↓
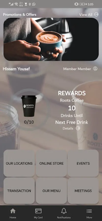 Download the Roots Coffee House Loyalty Program to keep up with the number of points collected, benefits earned, latest promotions and the upcoming events taking place in Roots Coffee House.
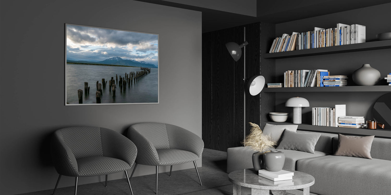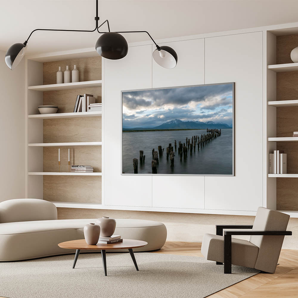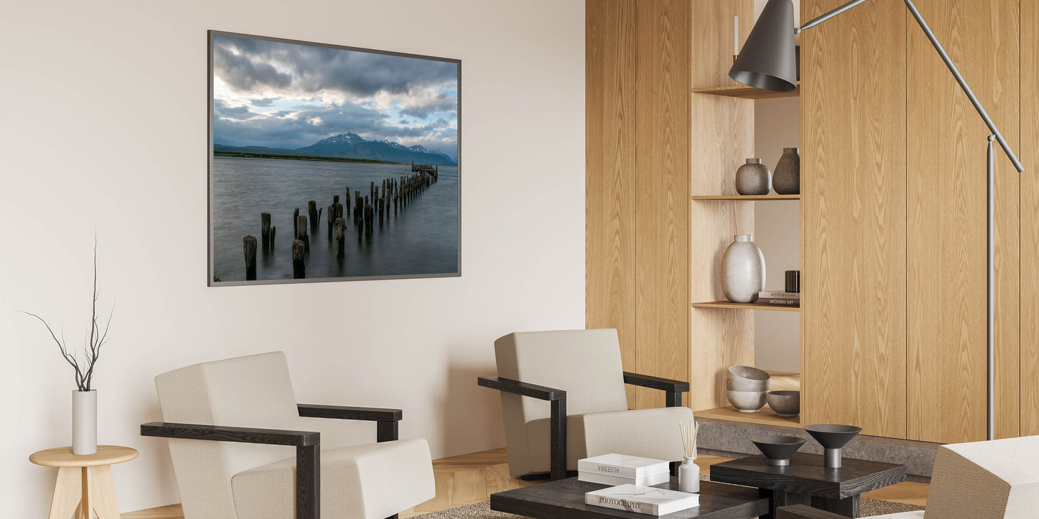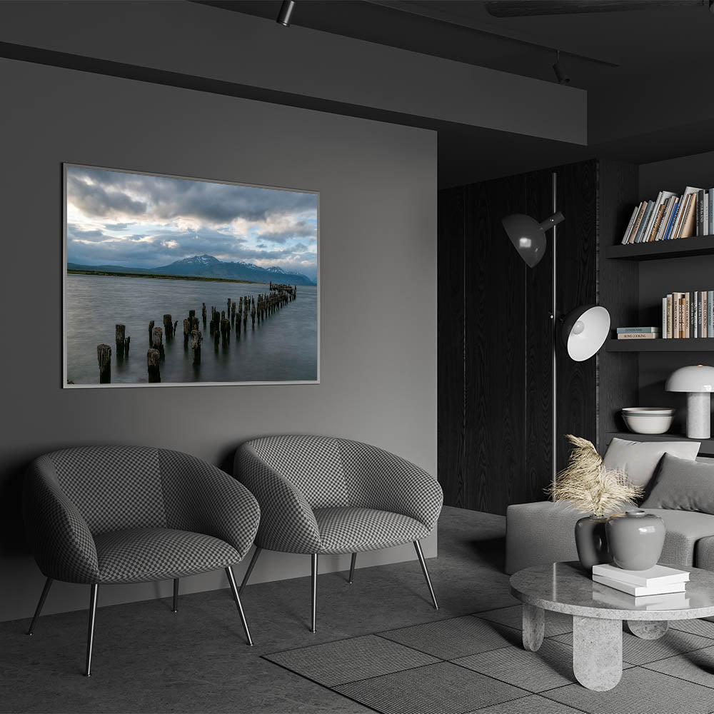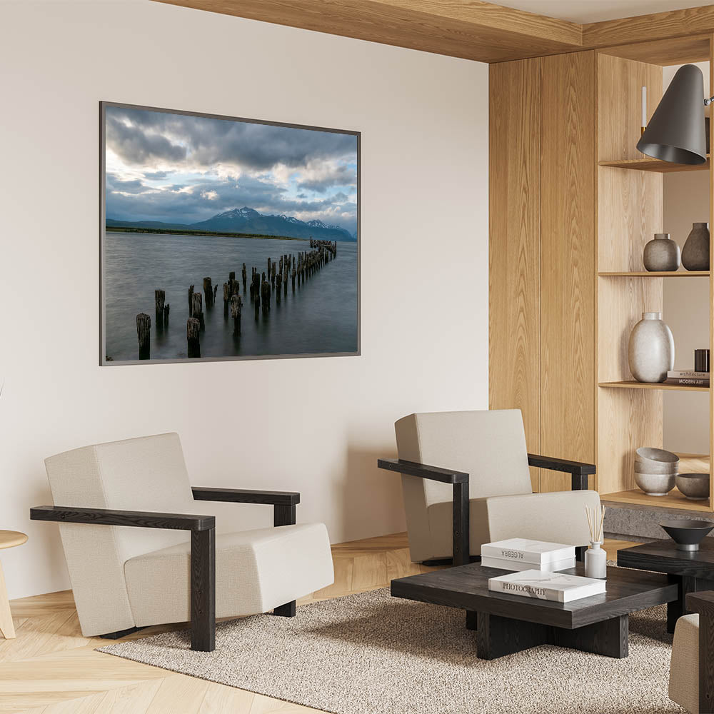 Bring a sense of calm and serenity into your space with this stunning Chile landscape painting. Featuring an expansive lake with remnants of a wooden pier stretching out toward the horizon, this artwork captures the quiet beauty of nature. Snow-capped mountains loom in the background under a moody sky, offering a perfect balance of tranquility and grandeur. This peaceful scene is ideal for those who appreciate nature’s raw beauty and scenic vistas.
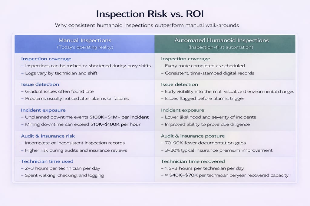 Humanoid inspections reduce operational risk by ensuring inspections are actually completed every shift, without shortcuts.
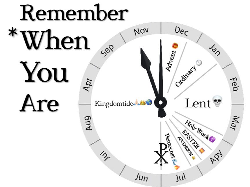 This all begins the fourth Sunday before Christmas and concludes on Christmas Day, which is the Church’s New Year’s Day. A few months after Christmas the Church enters the season of Lent, which culminates in the Passion Weekend (the Paschal Triduum), concluding on Easter Sunday. Forty days after Easter is the celebration of the ascension of Jesus to his throne in heaven. And finally, fifty days after Easter, the Christian festive year concludes with Pentecost, remembering the day the Holy Spirit flooded the earth and filled the Church.
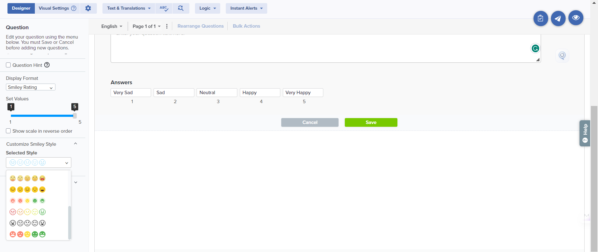 - Select your preferred smiley appearance from the diverse range of options in our emoji palette. Once you’ve chosen the Smiley Rating display format, simply click on “Customize Smiley Style” and select the style that appeals to you the most.
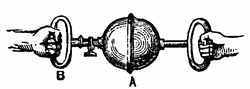7. Forms of Matter.—Matter appears in three forms: solid, liquid, and gaseous or aeriform—that is, like air. Sometimes matter is spoken of as having only two forms—solid and fluid. In this case fluids are divided into[15] two classes, the elastic and non-elastic. The air and the various gases and vapors are the elastic fluids; while those which are called liquids are the non-elastic fluids. A foot-ball bounds because the air in it is an elastic fluid. If it were filled with a non-elastic fluid; as water, it would not bound. When water takes the form of steam it is an elastic fluid. Though it is very common to use the expression elastic fluids, the division of matter into three forms is the one usually recognized.
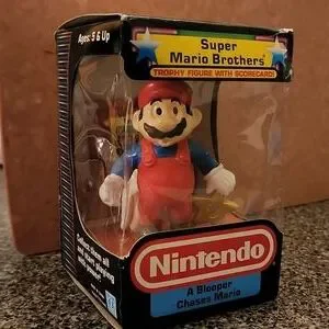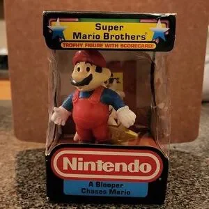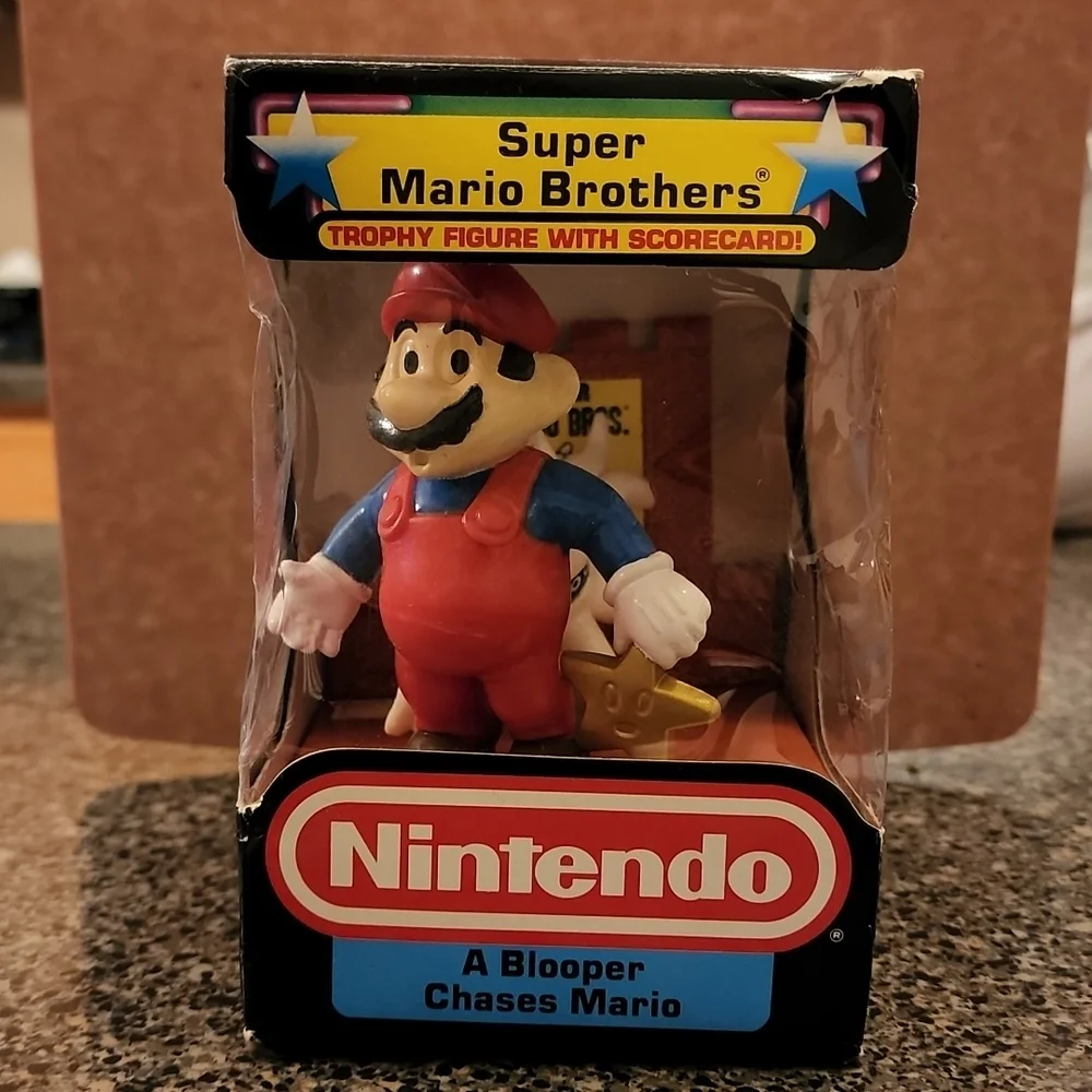 Nerds only! 1988 Check Ebay before buying! A Blooper chases Mario. There's no princess or Mushrooms to headbutt just a collectable.
↑
# Work required
Verbatim output, no pictures: the line holding "- Select your" and all lines after it through the last line of the material, with nothing else.

# Answer space
 - Select your preferred smiley appearance from the diverse range of options in our emoji palette. Once you’ve chosen the Smiley Rating display format, simply click on “Customize Smiley Style” and select the style that appeals to you the most.
7. Forms of Matter.—Matter appears in three forms: solid, liquid, and gaseous or aeriform—that is, like air. Sometimes matter is spoken of as having only two forms—solid and fluid. In this case fluids are divided into[15] two classes, the elastic and non-elastic. The air and the various gases and vapors are the elastic fluids; while those which are called liquids are the non-elastic fluids. A foot-ball bounds because the air in it is an elastic fluid. If it were filled with a non-elastic fluid; as water, it would not bound. When water takes the form of steam it is an elastic fluid. Though it is very common to use the expression elastic fluids, the division of matter into three forms is the one usually recognized.
 Nerds only! 1988 Check Ebay before buying! A Blooper chases Mario. There's no princess or Mushrooms to headbutt just a collectable.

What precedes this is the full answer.